---- Input records
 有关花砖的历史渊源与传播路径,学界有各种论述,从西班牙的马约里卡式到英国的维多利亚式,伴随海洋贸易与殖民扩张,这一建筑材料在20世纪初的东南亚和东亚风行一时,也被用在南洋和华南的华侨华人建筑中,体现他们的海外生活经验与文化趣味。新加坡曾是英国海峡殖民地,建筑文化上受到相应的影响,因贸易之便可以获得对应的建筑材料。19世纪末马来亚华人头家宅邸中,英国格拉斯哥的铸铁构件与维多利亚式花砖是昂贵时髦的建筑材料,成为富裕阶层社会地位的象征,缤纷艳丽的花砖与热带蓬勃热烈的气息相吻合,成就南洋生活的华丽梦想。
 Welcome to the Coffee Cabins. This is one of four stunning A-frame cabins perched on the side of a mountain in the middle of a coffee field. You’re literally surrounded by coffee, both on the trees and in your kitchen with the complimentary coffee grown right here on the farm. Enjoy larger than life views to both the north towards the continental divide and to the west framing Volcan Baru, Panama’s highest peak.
--------
---- Input records
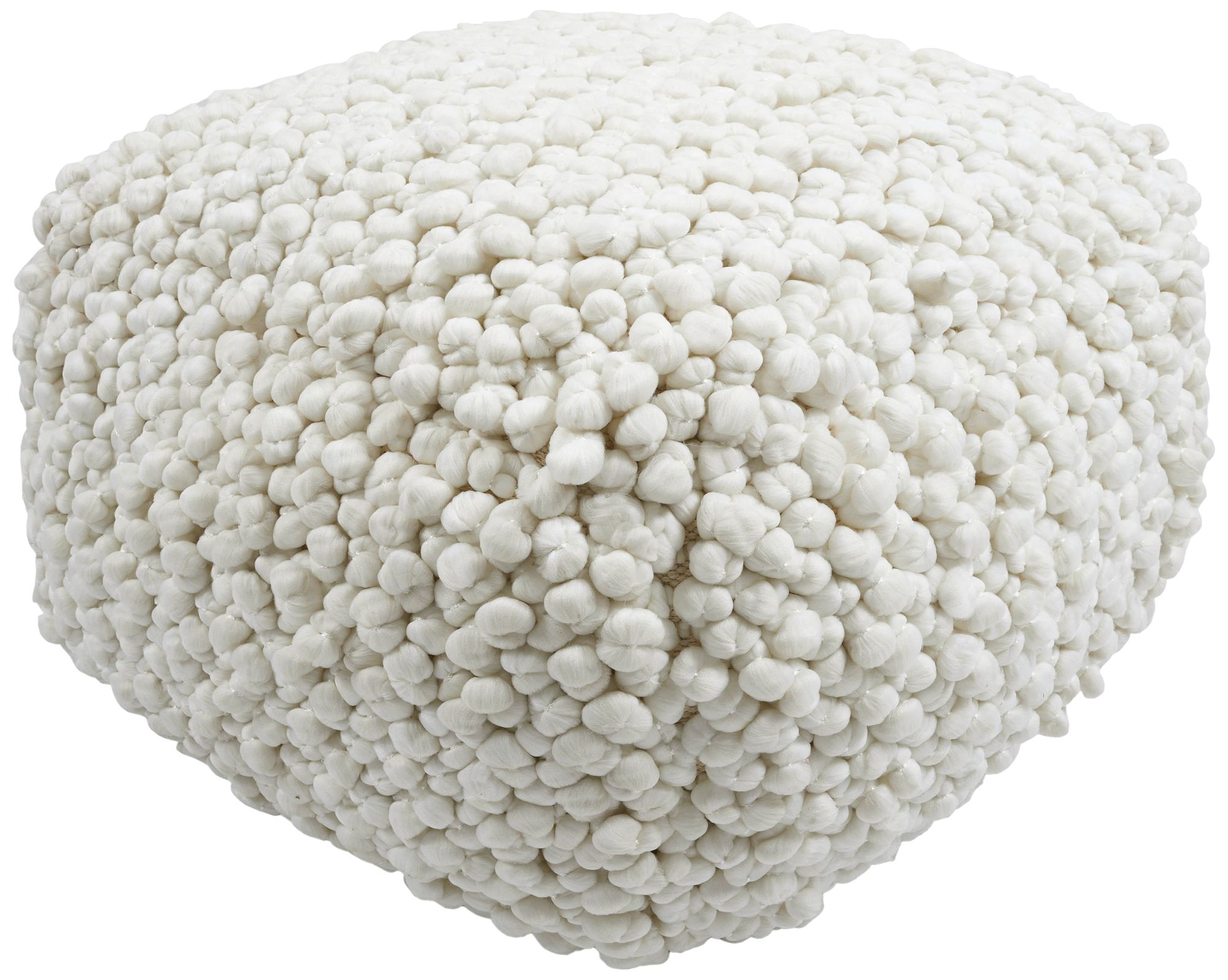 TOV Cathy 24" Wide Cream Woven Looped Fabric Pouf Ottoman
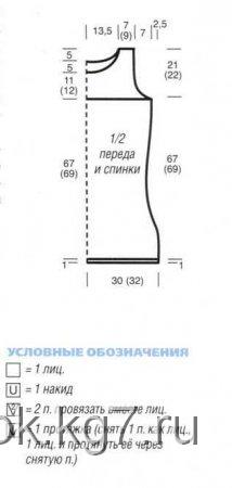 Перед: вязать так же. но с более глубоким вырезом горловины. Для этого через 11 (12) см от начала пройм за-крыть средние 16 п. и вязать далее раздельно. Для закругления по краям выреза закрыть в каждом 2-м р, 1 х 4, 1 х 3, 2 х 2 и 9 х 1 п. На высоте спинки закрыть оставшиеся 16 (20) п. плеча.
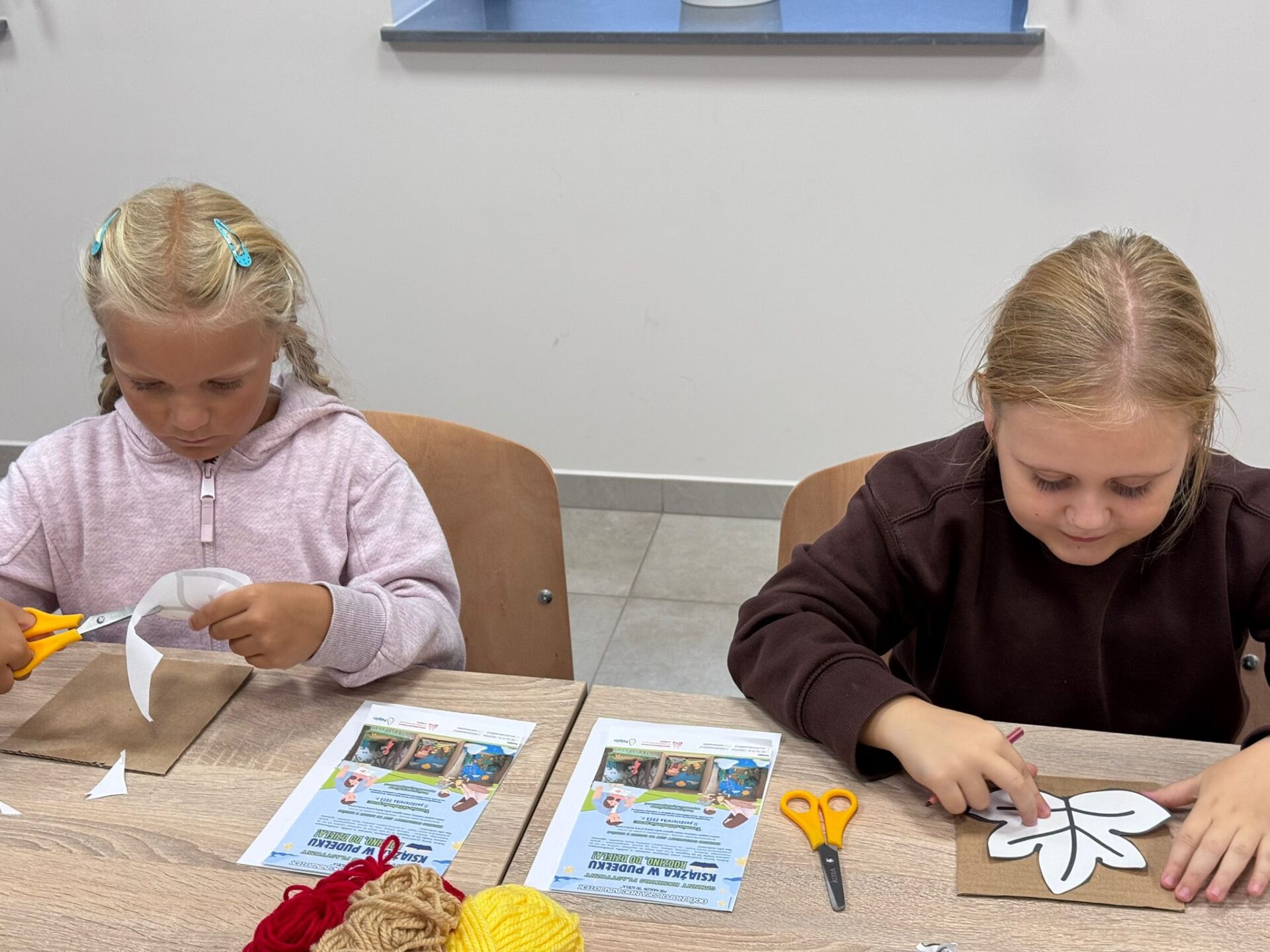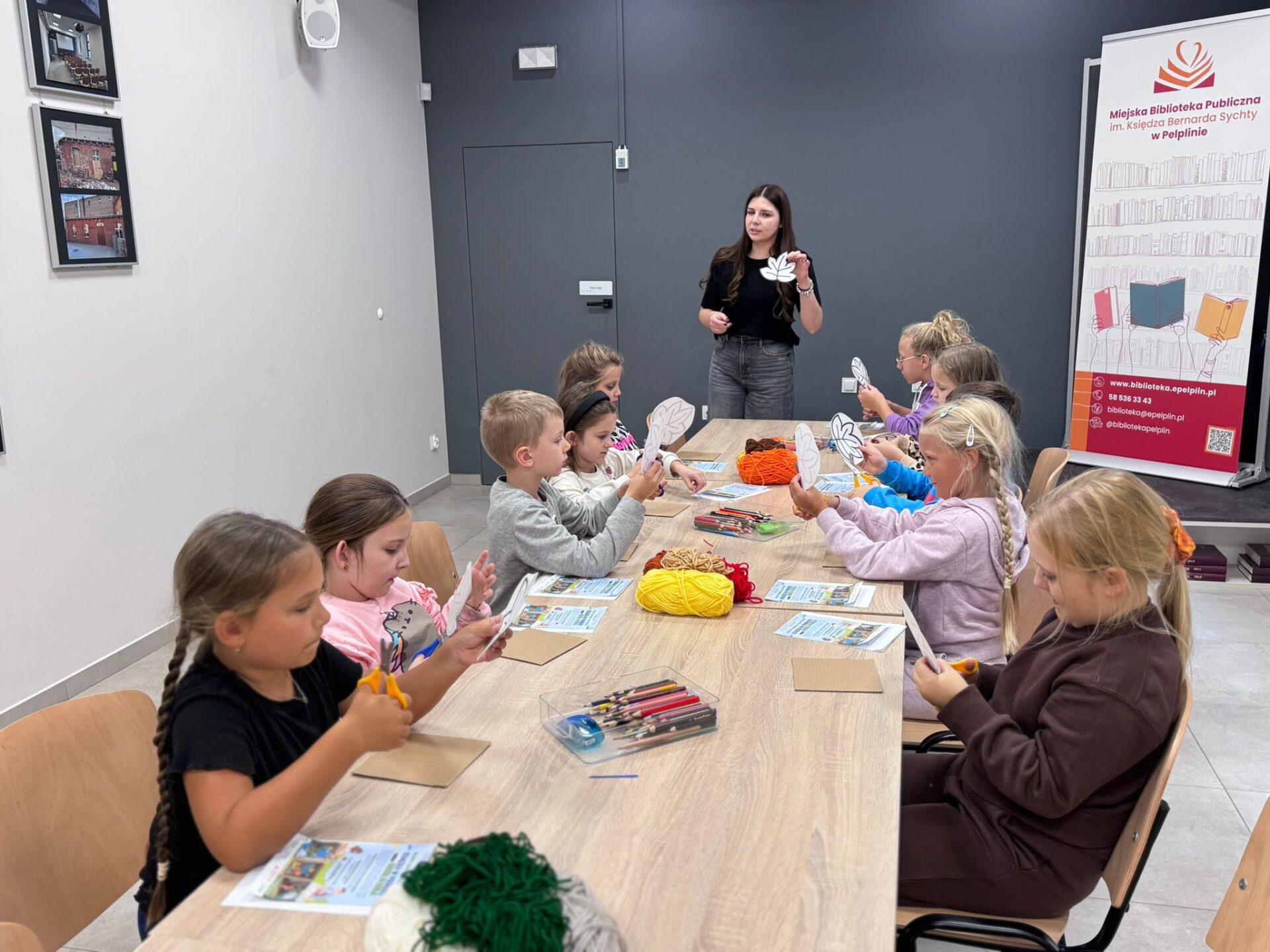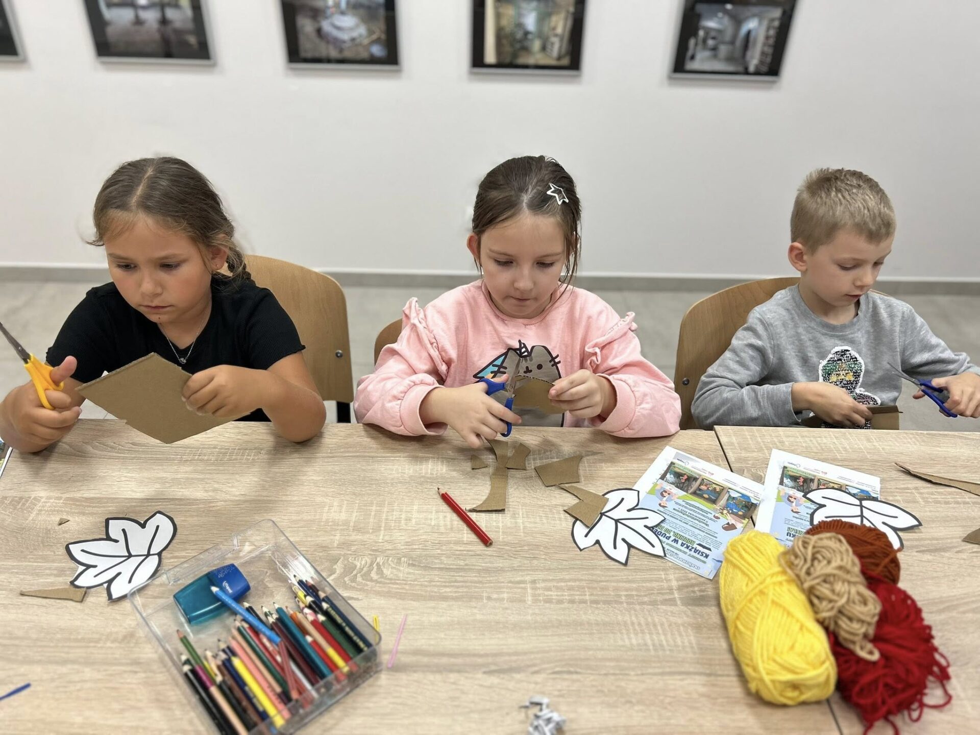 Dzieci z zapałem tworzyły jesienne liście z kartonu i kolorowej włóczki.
--------
§ **Work request**
Using the data above, set down each line from the line with "Fabric Pouf Ottoman" to the line with "Dzieci z zapałem" exactly, both ends included, and leave the pictures behind. Nothing else belongs.

§ **Finished exercise**
 TOV Cathy 24" Wide Cream Woven Looped Fabric Pouf Ottoman
 Перед: вязать так же. но с более глубоким вырезом горловины. Для этого через 11 (12) см от начала пройм за-крыть средние 16 п. и вязать далее раздельно. Для закругления по краям выреза закрыть в каждом 2-м р, 1 х 4, 1 х 3, 2 х 2 и 9 х 1 п. На высоте спинки закрыть оставшиеся 16 (20) п. плеча.
 Dzieci z zapałem tworzyły jesienne liście z kartonu i kolorowej włóczki.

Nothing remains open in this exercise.